Let us understand what is forward contract with this simple example. It’s a special occasion and you hire a local cab in advance to travel from one point to another. You and the local cab driver are two parties agreeing to exchange the service for a fee. You agree on the fees, weeks before the actual trip. This is an example of forward contract.
Let us now take a look at the key features of a forward contract.
Key Features of Forward Contracts
- There are two parties to a forward contract. The buyer and the seller interact with each other directly without the exchange as a counterparty. In the above example, you were in direct contact with the local cab driver. You did not book the cab via a third party like Ola or Uber.
- Both the parties must have opposite views on the underlying asset.
- This agreement between the buyer and the seller is customised. For example, if you buy one lot of Infosys futures contract, you are agreeing to buy 300 shares of Infosys Ltd. But in case of a forward contract, there is no fixed lot size. The lot size can be 100 shares, 200 shares or even one share.
- Due to this direct contact between the buyer and the seller, forward contracts are not traded on a stock exchange. Hence, forward contracts are also known as Over-the-Counter (OTC) derivative contracts.
- The third thing to note in this definition of forward contract is the underlying asset. Like a futures or options contract, even a forward contract has no value of its own. It derives its value from the value of the underlying asset.
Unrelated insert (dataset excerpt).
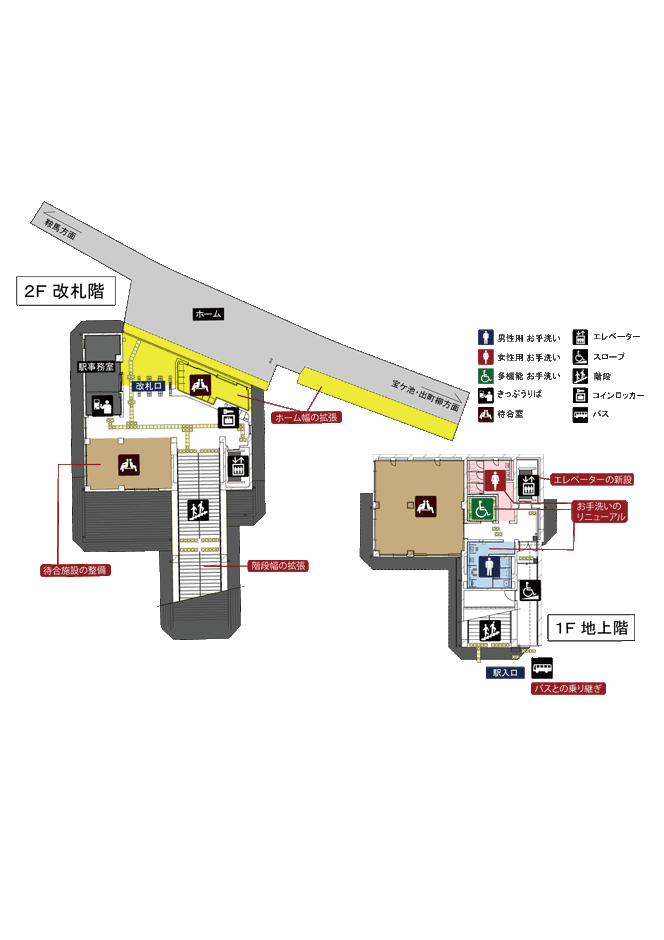 ホームおよび階段の幅を拡張し、観光シーズンなど混雑時における安全性を向上

The underlying asset in a forward contract can be stocks, indices like Nifty, commodities, currencies
- While the underlying asset is exchanged at a future date, the price at which it will be bought and sold is decided today itself.
In a forward contract, you have to compulsorily buy or sell the underlying asset on maturity. Let us understand what are forward contracts and how forward contract works with this simple example.
Example of Forward Contract
I am a coffee lover and there is a well-known coffee shop close to my place. I have been visiting it for a while now. Two things haven’t changed much. The flavour of my coffee and its price. I always wondered why or how this coffee shop managed to keep the price same even though the price of coffee beans keeps on fluctuating.
So, I spoke with the owner of the coffee shop and discovered that the secret to their consistent price was a forwards contract.
Here is what the coffee chain does. To keep their input costs stable they have joined hands with several coffee bean farmers. Every year before the harvest they mutually decide the quantity and selling prices of the beans. The company purchases the beans at mutually agreed prices after the harvest. It doesn’t matter whether prices have shot up or fallen as the company pays as per the pre-decided prices. So basically, the company has entered into a forward contract with coffee bean farmers.
How Does a Forward Contract Work?
As we learnt earlier, there are two parties in a forward contract – Buyer and Seller. Individuals or companies enter into forward contracts to hedge against price fluctuations. Hedging is a way to protect yourself from sudden price volatility. In the above story, both the coffee company and the farmers are hedging their price risk. The company wants to hedge against a rise in prices of coffee beans. The farmers want to protect themselves from a fall in coffee bean prices. So, both of them enter in to a forward contract to reduce their respective risks. Let us build on the earlier example and understand how forward contracts work –
Scenario 1 – Let’s assume that the company enters into an agreement to buy 100 kgs of coffee beans at Rs 1,000 per kg. The agreement value is Rs 1 Lakh. At the time of harvest, the demand for coffee beans rises and the price per kg increases to Rs 1,200.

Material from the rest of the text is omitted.